Cross went to a cabinet where Hevlaska kept a small but excellent selection of beverages for occasions that called for something stronger than tea or coffee. "My God," he said as he uncapped her best bourbon. "I feel like I'm corrupting an innocent."
"Oh shut up," Hevlaska said, taking a second pull on the cigarette. "Consider yourself lucky I didn't drop dead from a stroke or something."
"Are you quite sure you can have this?" Cross asked, holding a glass of bourbon just out of her reach.
"Of course I can't," Hevlaska said, "now give it to me."
"I have waited half my life to hear you say those words."
"They're about the booze, not you. Have a seat, you obnoxious reprobate, before I throw you out on your ear!" Hevlaska eased herself into a chair. "Three years without even an e-mail, then you dump poor Allen on us without a word of warning-to him as well as to us."
"I did send word," Cross said as he sat opposite her. "I e-mailed Komui."
"And you knew exactly what that would accomplish!"
"Not my fault Komui doesn't organize his inbox."
"Well, you could have warned Allen. The boy had no idea what he was getting into, and then you pop back here like some kind of jack-in-the-box. Did you even bother talking to him in China?"
"No time," Cross said. "I had a flight to catch."
"You could have booked a different one, you just didn't feel like it. So you weren't responsible for putting him in the hospital?"
"What?" That seemed to genuinely alarm Cross.
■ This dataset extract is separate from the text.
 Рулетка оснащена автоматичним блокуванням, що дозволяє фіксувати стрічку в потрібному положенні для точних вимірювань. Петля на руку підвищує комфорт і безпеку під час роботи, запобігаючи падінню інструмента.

"Someone did. The ICD went off, and the resulting fall gave him a concussion. Allen refused to give any details about the incident, which immediately led me to think of you."
"What the hell was that little bastard thinking?" Cross said. "He knows he's supposed to avoid those shocks. What happened?"
"So it wasn't you," Hevlaska said. "All he would say was that something startled him."
"Don't worry," Cross said, "I'll get the truth out of him. How has he been otherwise?"
"Fine, but you knew that. You trained him. I don't suppose you bothered to watch him in China?"
"I did. He bit off a little more than he could chew with that piece, but he does that under pressure. Seems to think it makes him work harder."
"I've heard that theory before," she said. "Allen's a chip off the old block, only in all of the good ways, bless him. He doesn't seem to have picked up any of your less savory habits."
"I think I traumatized him for life," Cross said proudly.
"Undoubtedly," Hevlaska said. "No one has ever questioned your ability to traumatize people."
"Well, traumatized or not, he's a fine dancer," Cross said, "although I'll admit that wasn't entirely my doing."
"Yes, well." Hevlaska was starting to feel the effects of the nicotine and alcohol, old comforts long-missed. Sometimes she wondered if longevity was really worth it, especially considering that one spent an unpleasantly large portion of that time being old. "Tell me," she said, taking another sip from her glass, "is that boy who I think he is?"
"I don't know," Cross said, taking a deep drag on his cigarette and settling back in his chair as he blew it out. "That all depends on who you think he is."